There are also companies which specialize in working with celebs to create fake news. There is a company called Neon Management, its owner Dave Reed is one of the key players in fake news creation.
The media create news using illegal techniques as well. Young girls will sell their stories about sexual encounters with celebs. Sometimes people are hired by magazines to hang out with stars and get dirty information about them. (So says Amy Emma Bussey). There even exist people like Max Clifford who protect celebs and have to pull massive stunts to get them out of trouble. So what’s the damage? Well, media is available 24/7 and people gobble up fake news like candy. Yet another example of creating demands in order to profit from its fulfillment.
To make matters worse, celebrities have started getting into politics.
What does addiction to fake news, and celebrities in government equal? Total loss in validity of information and a total distraction from serious issues. Celebrities who get into politics usually support charities from all over the world. Generally they have good intentions, but not always the right level of success. Unfortunately the media usually make up stories of success (even if in reality the effort never meets its goals). What does this get them? A front seat to young people all around the world. This results in a huge profit for the media because they have total control over the information.
The other day I read the following passage in The Dumbest Generation, a book about the loss of intelligence within our culture. “It isn’t enough to say that these young people are uninterested in world realities.

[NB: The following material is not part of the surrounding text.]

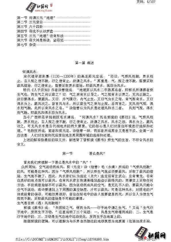 这并不是偶然现象,“客观社会的存在,决定人们的社会意识。”当今客观社会的风水 术,绝大部分都不是赣州杨救贫的风水术,而是江湖风水术。什么神龟点化?什么九天玄 女?什么仙人秘授?翻卦的,乘银河系北斗七星气的,特别是蒋大鸿的三元大玄空,连中 国罗盘都不认识,讲紫白天星,不用人盘。讲64卦,不用天盘,都用乘地球生气的地盘。 实实在在是骗人的迷信“风水”。是客观存在反映人们“视风水为封建迷信的社会风水意 识。”这也就不奇怪了。由于历史和其他的原因,人们对风水的认识也过于简单化了,甚 至丧失了最普通的常识。这样说的最简单的理由是:

They are actively cut off from them. Or a better way to put it is to say that they are encased in more immediate realities that shut out conditions beyond- friends, work, clothes, cars, pop music, sitcoms, Facebook. Each day the information they receive and the interactions they have must be so local or superficial that the facts of government, foreign and domestic affairs, the historical past, and the fine arts never slip through.”
This is my conclusion: The gossip industry is a large contributor to ‘dumbifying’ our generation in order to distract our intelligence long enough to not only sell stuff to us, but also bypass very important information that can affect us in very negative ways. We are so consumed with popular irrelevance and gossip that we aren’t focused on the things which impact us the most. Dr. Philip Grahm, Emeritus Professor, Child Psychology, Institute of Child Health, “Children believe that life is about appearance and material things. That is the value system that is being sold.”